CARMEL, Ind. -- After Carmel Mayor James Brainard crashed his city vehicle in April, Call 6 Investigates uncovered that some of the dash camera video recordings from the scene are missing their audio.
Two Carmel Police officers arrived at scene minutes after Mayor Brainard crashed his city Ford Fusion along Third Avenue SW on April 20. Their two dash camera systems were recording, but for a period of almost 10 minutes, you can't hear any of the conversations between the two officers or their conversation with the mayor.
Instead, those two officer's dash camera systems only record audio from inside the car. In the first car on the scene, you can faintly hear the radio. In the second police car to arrive, just the sound of wipers.
It’s because the first two officers never turned on their wireless microphones, Call 6 Investigates’ learned after spending hours reviewing the police dash camera video from the scene of the crash. The only audio recorded on those systems was from an in-car microphone connected to the system.
It wasn’t until Carmel Police Lt. Adam Miller arrived almost 10 minutes after police initially responded, that you can actually hear conversations.
You can hear the other officers interacting with each other over Lt. Miller's microphone, but what could be key parts of the conversation between officers is impossible to hear.
Lt. Miller: "He's walking back to City Hall to talk to Barb, so he can go get his pee test."
Officer 2: "OK good. (unintelligible)"
Lt. Miller: "I know, he's going to have to go get tested."

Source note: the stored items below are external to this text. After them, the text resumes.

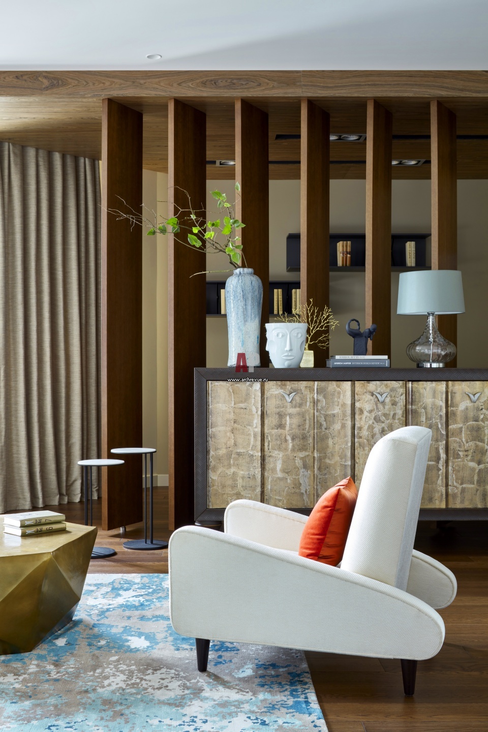 Интерьер гостиной. Комод с бронзовой патиной, Vittorio Grifoni. За ним находится перегородка-трансформер из дерева, которая отделяет рабочий кабинет хозяина. Кресла в обивке цвета айвори, винтаж.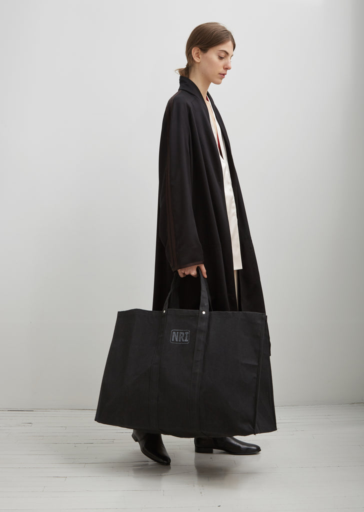 A large rectangular tote bag in durable cotton canvas from PUEBCO, the Tokyo-based purveyor of sustainable, practical accessories. Reinforced top handles. Metal rivets. “NRI” stencil graphic on front.
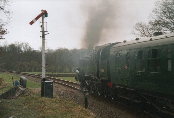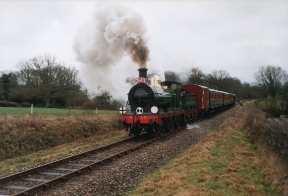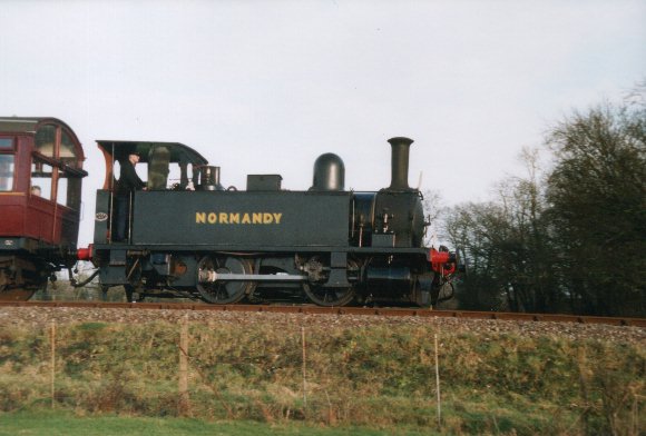 96 'Normandy' at Horsted Keynes with the 'Blue Belle'.

Lt. Miller: "That's between me and you though."
We reached out to Carmel Police for an on-camera interview, they declined, but Chief James Barlow sent us an email. He says, "We currently do not require all officers to activate their in-car video system while at a traffic accident."
Barlow cites the police department's policy, "The in-car audio/video system may be deactivated during non-enforcement activities such as when protecting accident scenes."
"While investigating the accident you are referring to, the reporting officer had his audio/video recording,” Barlow said. “The two other officers did not have their audio system on and are not required to by policy."
Call 6 Investigates confronted Mayor Brainard about the incident. When asked if Brainard believed he was "above city policy" since there is no record of a drug or alcohol test following the crash. He responded, "I'm not talking about this today" before walking away.
Carmel's employee handbook states the mayor and other elected officials aren't required to follow rules in the city handbook.
Call 6 Investigates also emailed each member of the city council to learn if they were aware of the exemption. RTV6 is still awaiting a response from each member.